What a bummer, was hoping I was just being dumb and missing something
(here's to hoping though). Luckily, my real important data is backed up.
Just trying to see if I can still recover everything else.


> At this time, there have been a couple suggestions on possible fixes
> (disable transparent huge page support in the kernel)

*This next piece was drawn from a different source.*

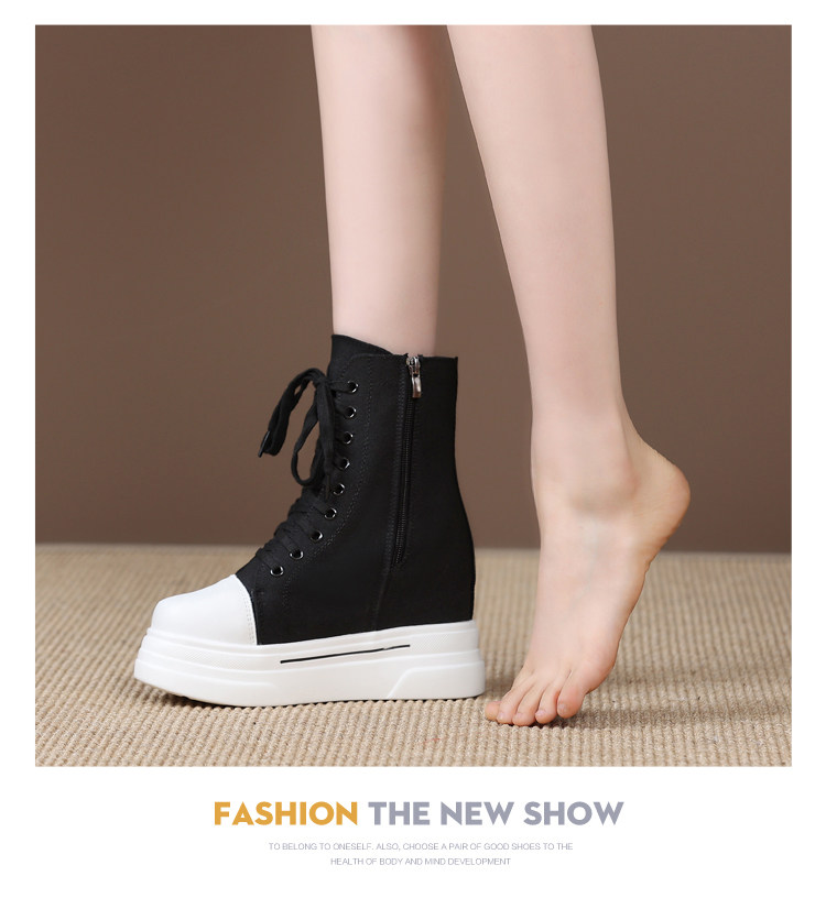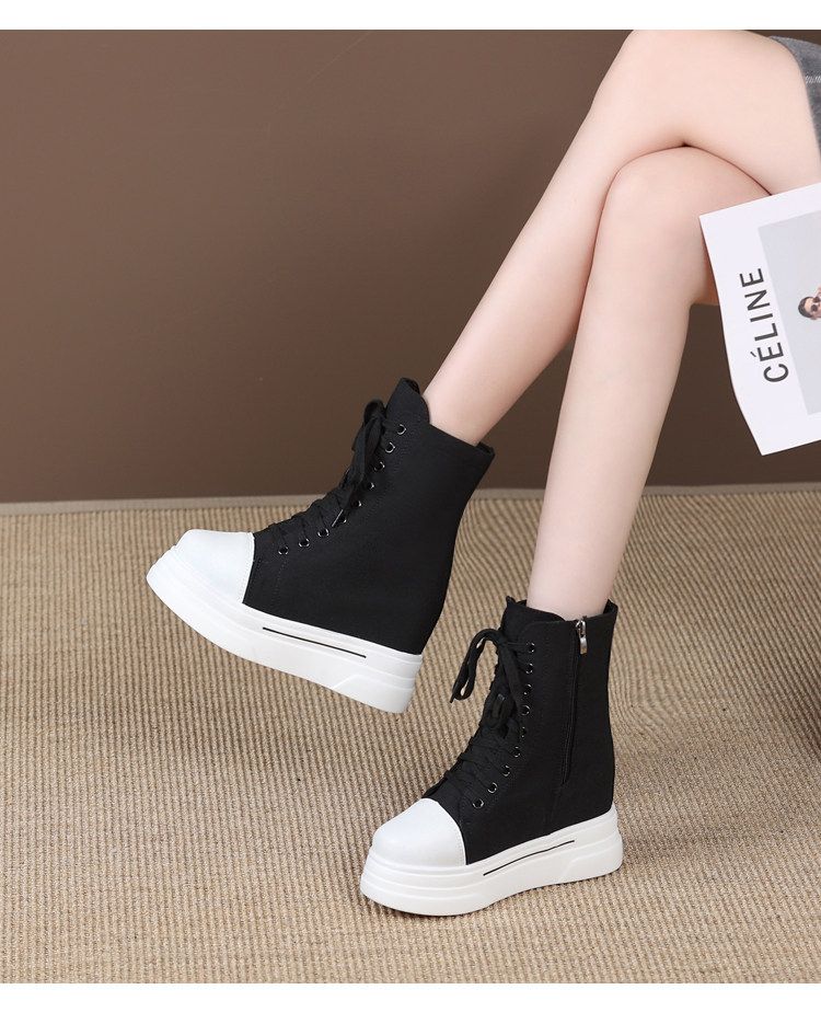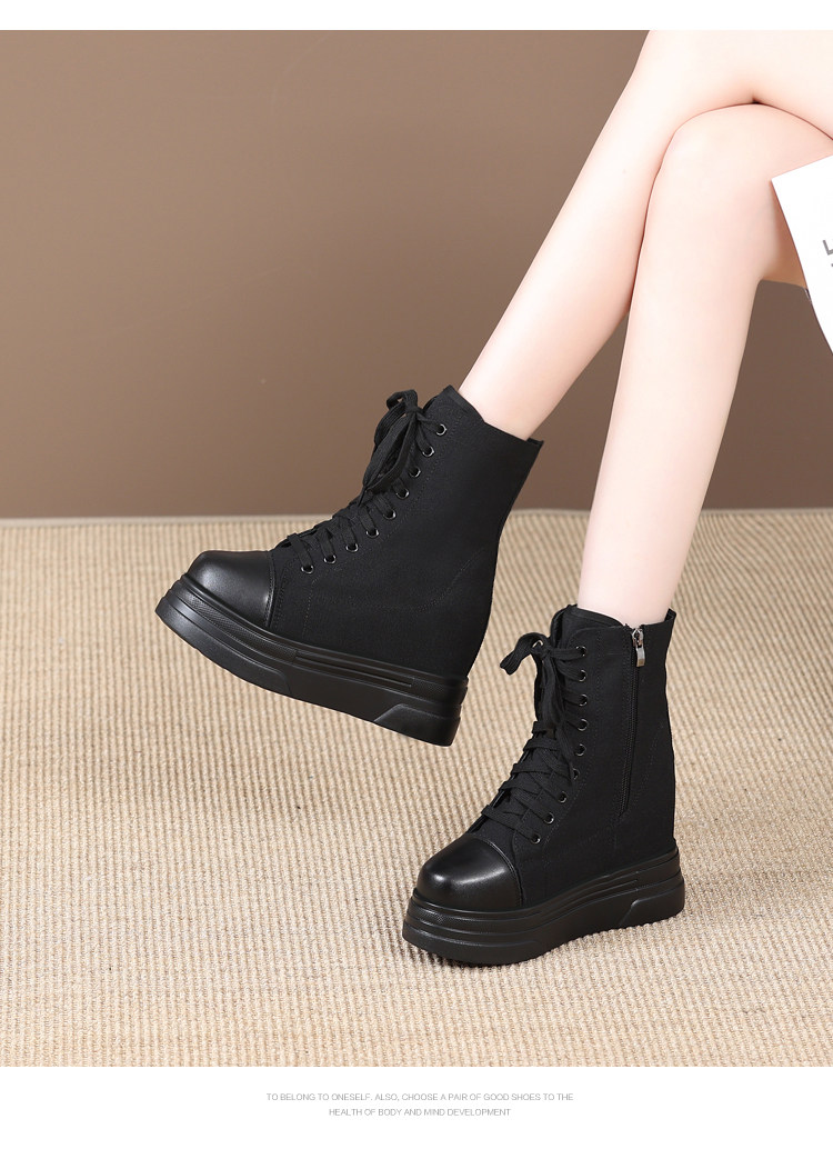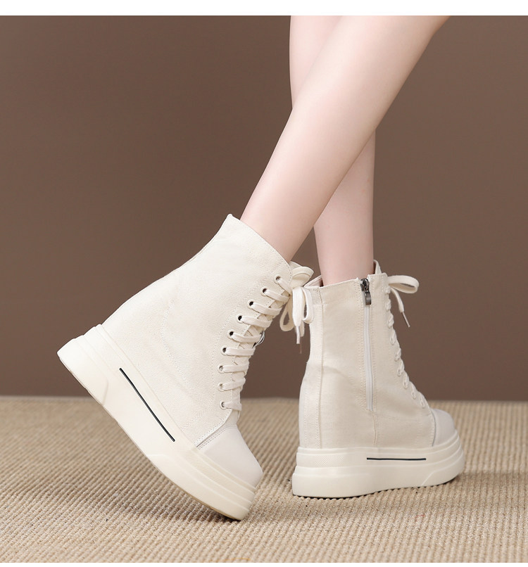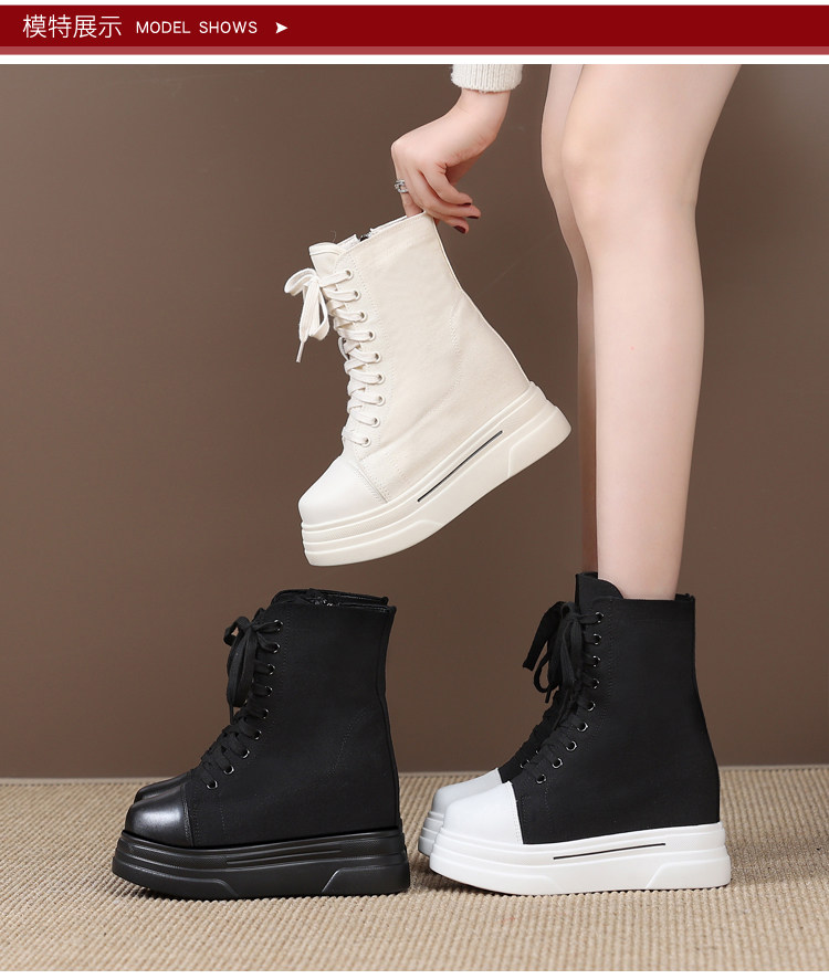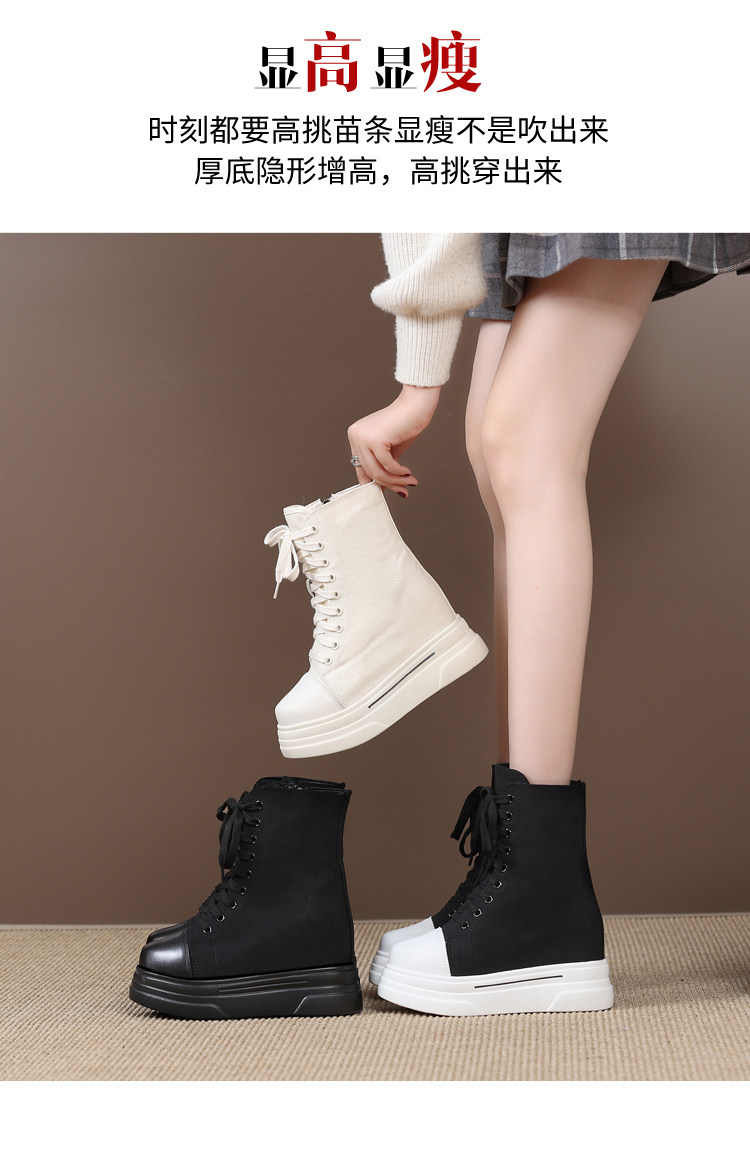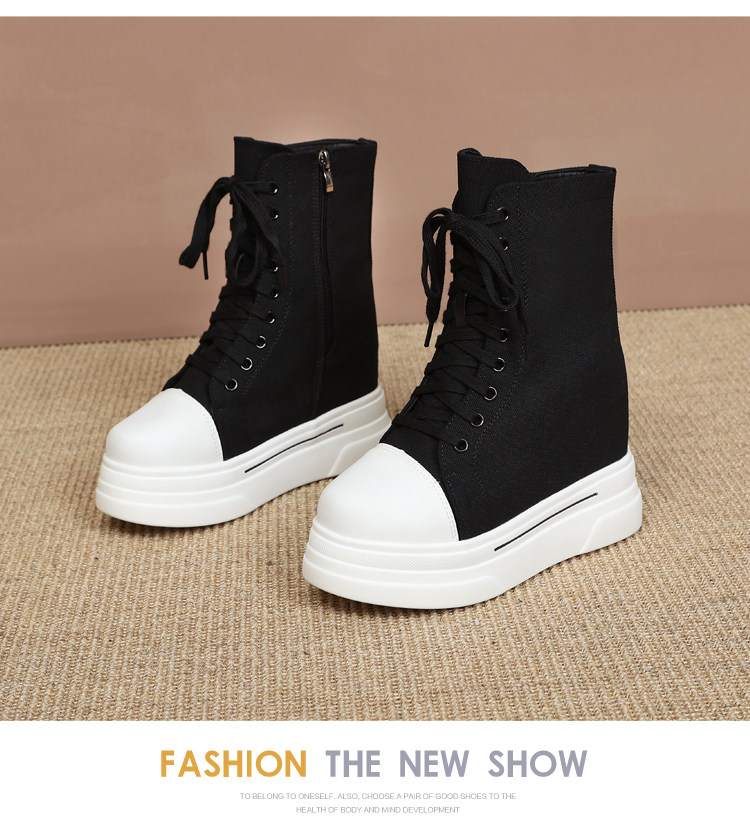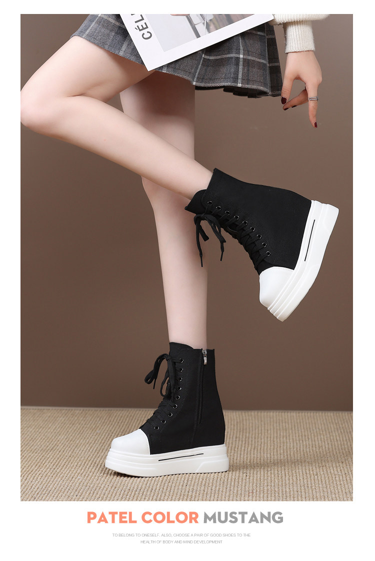 Korean Style Canvas Shoes for Women 12- 16cm with Hidden Internal Height Increase, Extra High Platform, Welfare Model for Petite Individuals, Autumn and Winter High Boots
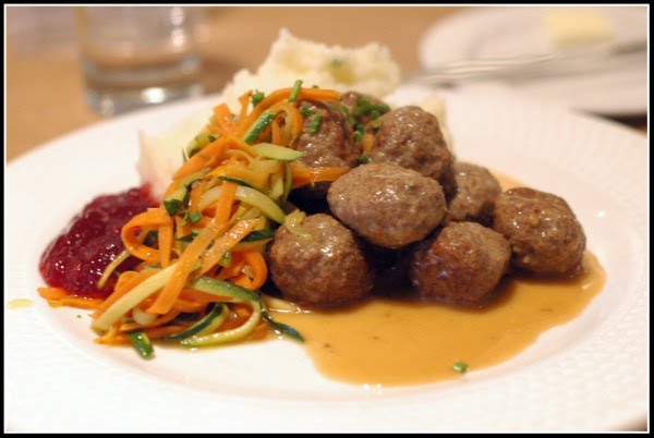 Christine chose the Swedish Meatballs with lingonberries, mashed potatoes, and a carrot/zucchini medley. It looked like the most substantial and tasty dish on the menu.

OK, I can try giving that a shot.


> Another gentleman, Bart Van Assche, had suggested a set of patches to
> the kernel scheduler that may help with the problem:
>
> https://lkml.org/lkml/2016/8/3/289


I'll read into this, thank you!


> At this time, my array is still locked up with the exact same symptoms you
> report.


Hopefully we can all work to figure this one out.


To help correlate your problem with what others observed, would it be
> possible for you to share the call stack for the following three
> processes?
>
> mdXXX_raid6
> mdXXX_reshape
> systemd-udevd
>
> Or any other processes reporting deadlock while the reshape is trying to
> run.
>
> Curious to see if you observe the same call stack.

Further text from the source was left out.